Styhre’s book, mainly from a political economy perspective, covers ground familiar to organization scholars from the work of a wide variety of authors on organizations and markets, including Jerry Davis’s (2009) book Managed by Markets, published immediately in the wake of the financial crisis as well as a stream of recent work (e.g. Davis, 2021, 2022; Davis & Sinha, 2021). Moreover, in a book that takes a strong and critical view of corporate power, one that decries the co-optation of regulation and the capture of the apparatus of government, Styhre offers only very modest recommendations for change. A reader can look hard and not find much by way of policy initiatives that would change the institutional arrangements that have disadvantaged labour in favour of capital.

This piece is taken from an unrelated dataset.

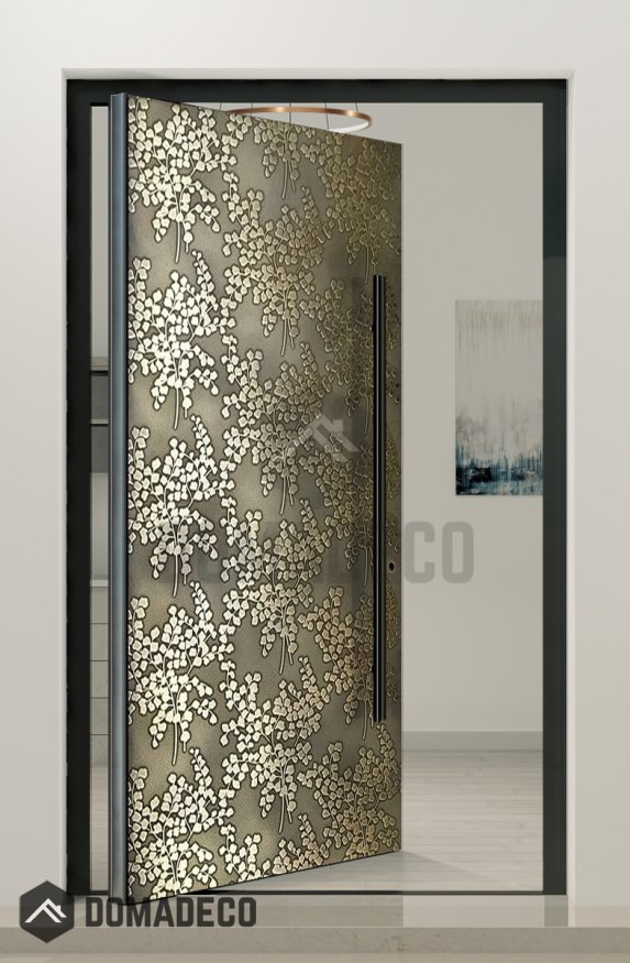 PIVOT M28 - puerta pivotante de aluminio con textura de latón de metal fresado.

We could stretch our minds, however, and draw some implications from this book about how to look at organizations from a corporate governance perspective as well as the internal processes of management. Styhre’s account of the corporate governance implications of economic concentration correctly identifies the transfer of power to institutional investors and the resulting focus on the delivery of shareholder value. There are remedies – or at least partial ones – emerging in the form of benefit corporations (introduced through legislation and regulation, i.e. through states), and other ways to change to corporate articles of association that companies can themselves adopt to resist financialization. These can lead to different types of managerial practice by protecting boards and executives from shareholder lawsuits. Models from countries other than the US, including Swedish ones Styhre knows well, might open a future-oriented path for research and theorizing.

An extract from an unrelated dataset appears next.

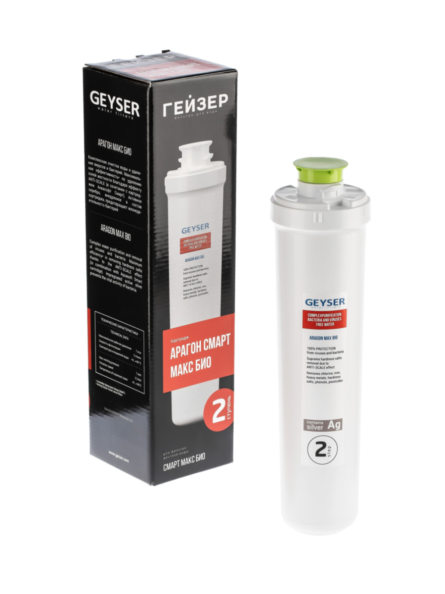 Картридж Гейзер Арагон Смарт Макс Био предназначен для глубокой обработки жесткой воды, обеспечивая её защиту от широкого спектра загрязнений и накипи. Применяется в качестве второй ступени фильтрации в моделях питьевых фильтров линейки Смарт Макс Био.

Expecting states to act may be a long shot, however, now that the combination of pandemic spending and support for Ukraine have created even greater state dependencies on financial markets than we saw during the financial crisis. Witness the tumult in the British political system in the autumn of 2022, a particularly messy affair, but one with echoes in other states. In the current situation it seems even less clear than before whether economics trumps politics or the other way around.

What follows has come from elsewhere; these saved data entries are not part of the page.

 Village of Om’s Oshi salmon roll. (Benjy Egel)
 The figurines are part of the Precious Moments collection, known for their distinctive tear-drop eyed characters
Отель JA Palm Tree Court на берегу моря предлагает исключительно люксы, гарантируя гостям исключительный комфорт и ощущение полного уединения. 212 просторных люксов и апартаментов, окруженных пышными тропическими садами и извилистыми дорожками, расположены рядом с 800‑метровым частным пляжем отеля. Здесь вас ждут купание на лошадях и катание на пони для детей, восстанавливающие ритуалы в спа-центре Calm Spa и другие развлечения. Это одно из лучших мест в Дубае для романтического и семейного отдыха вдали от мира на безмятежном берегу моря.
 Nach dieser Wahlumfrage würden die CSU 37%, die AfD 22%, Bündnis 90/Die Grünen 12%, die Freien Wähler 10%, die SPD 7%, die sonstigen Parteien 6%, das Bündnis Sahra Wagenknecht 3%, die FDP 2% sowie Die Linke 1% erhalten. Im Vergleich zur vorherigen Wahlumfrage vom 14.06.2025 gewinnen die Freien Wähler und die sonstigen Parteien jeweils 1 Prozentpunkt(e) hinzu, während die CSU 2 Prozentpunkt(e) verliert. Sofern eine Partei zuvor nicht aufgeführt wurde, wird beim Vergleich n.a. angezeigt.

Styhre appears to be agnostic on this point. But he is also right to worry that hierarchies – that is, the corporation, which Styhre (p. 149) describes as the ‘non-democratic device embedded in democratic societies’ – might trump both. In this sense, his invocation of Quine’s thinking is apposite: ‘simplicity is not easy to define’, Styhre quotes the philosopher saying (p. 135). He then adds: ‘There is a slippery slope between “simple” and “not quite so simple”.’ This book offers an account of events and their prospects that is not quite so simple as saying ‘corporations bad, states good’.
Finally, and sadly, there are a few unfortunate typesetting errors that the publisher might wish to correct for online delivery or further printings. Supreme Court becomes ‘Supreme Courts’ (p. 53); of course becomes ‘of cause’ (p. 147). Amusingly, on two occasions antitrust is rendered as ‘antirust’ (pp. 68, 75) – an unconscious metaphor for the encrusted corporate blight on this new landscape, perhaps?